[Data block]
------------------------------

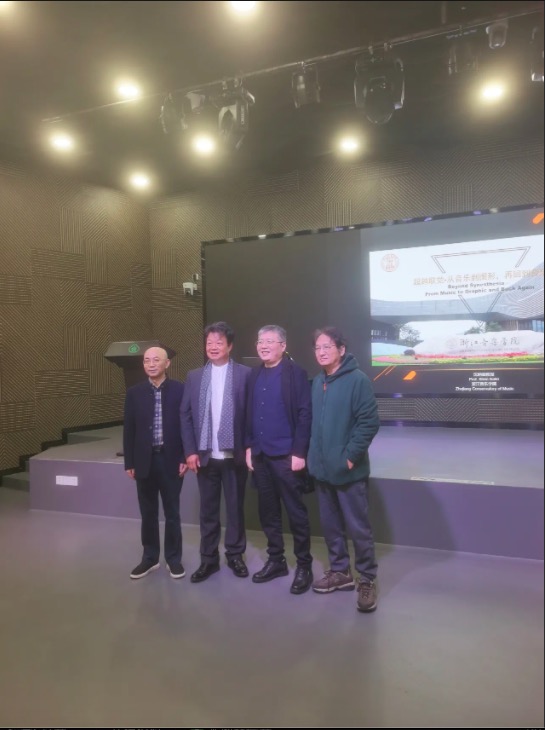 沈纳蔺教授围绕建构一门新颖、跨越、交叉的课程,在提及浙江音乐学院研究生选修课—《超越联觉:音乐——绘画跨学科理论与创作实践》中,沈教授引用三位专家的语录,周文中:“对作曲家(艺术家)的教育必须彻底地重新审视、重新建构。”贾国平:“思考未来的出路和走向,赶上世界发展必然的格局与潮流。”姚以让:“我们把审美育人和培养创造力结合起来,作为艺术教育的总目标。”为当下在浙江音乐学院该课程建设中相关问题的思考,并通过“从音乐到图形,再回到音乐”的实践,从而形成了本次讲座的主题。
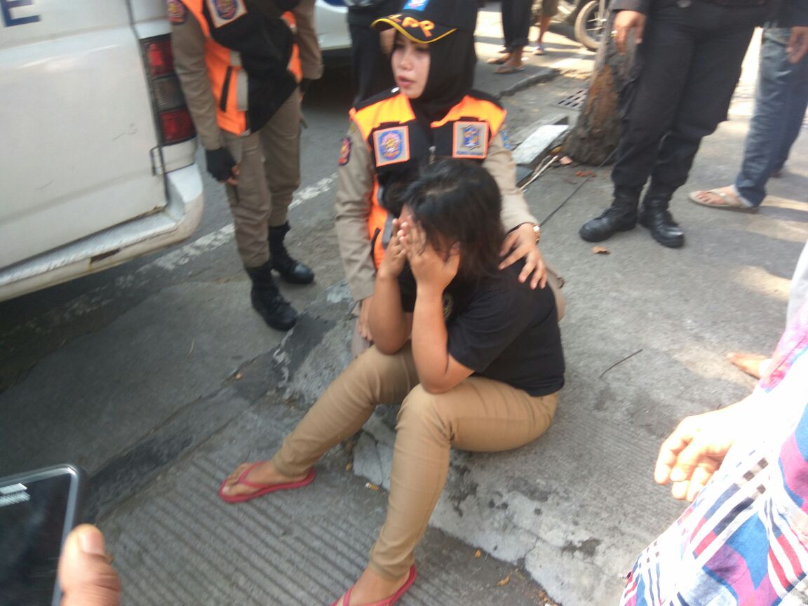 Warga yang ketakutan berusaha ditenangkan petugas.
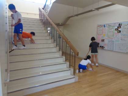 高学年がリーダーとなって、縦割り班で全校を協力して清掃活動をしています。
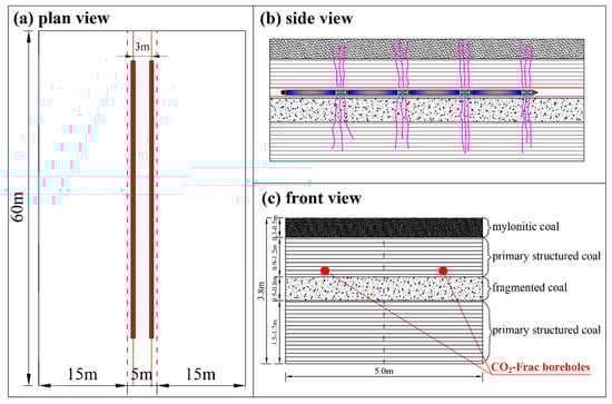The average effective radius of a single fracturing borehole is about 4.5 m [41]. According to the principle of uniform and intensive fracturing, the distance between two parallel hole segments is 3–5 m. Double fracturing boreholes, 1 m from the roadway walls (Figure 4), are drilled parallel to the direction of roadway excavation using a 113 mm bit. The depth of the boreholes ranges from 60–80 m, each borehole is equipped with 15–30 sets of fracturing tubes, and the length of the fracturing section is 30–60 m. It is a key rule that a strict control is exercised within the fracturing section that was evaluated as having no outburst risk during the subsequent excavation after the fracturing, with over-excavation being prohibited.

------------------------------

[Task requirements]
Retype the data above exactly, dropping every picture.

[Output]
 沈纳蔺教授围绕建构一门新颖、跨越、交叉的课程,在提及浙江音乐学院研究生选修课—《超越联觉:音乐——绘画跨学科理论与创作实践》中,沈教授引用三位专家的语录,周文中:“对作曲家(艺术家)的教育必须彻底地重新审视、重新建构。”贾国平:“思考未来的出路和走向,赶上世界发展必然的格局与潮流。”姚以让:“我们把审美育人和培养创造力结合起来,作为艺术教育的总目标。”为当下在浙江音乐学院该课程建设中相关问题的思考,并通过“从音乐到图形,再回到音乐”的实践,从而形成了本次讲座的主题。
 Warga yang ketakutan berusaha ditenangkan petugas.
 高学年がリーダーとなって、縦割り班で全校を協力して清掃活動をしています。
The average effective radius of a single fracturing borehole is about 4.5 m [41]. According to the principle of uniform and intensive fracturing, the distance between two parallel hole segments is 3–5 m. Double fracturing boreholes, 1 m from the roadway walls (Figure 4), are drilled parallel to the direction of roadway excavation using a 113 mm bit. The depth of the boreholes ranges from 60–80 m, each borehole is equipped with 15–30 sets of fracturing tubes, and the length of the fracturing section is 30–60 m. It is a key rule that a strict control is exercised within the fracturing section that was evaluated as having no outburst risk during the subsequent excavation after the fracturing, with over-excavation being prohibited.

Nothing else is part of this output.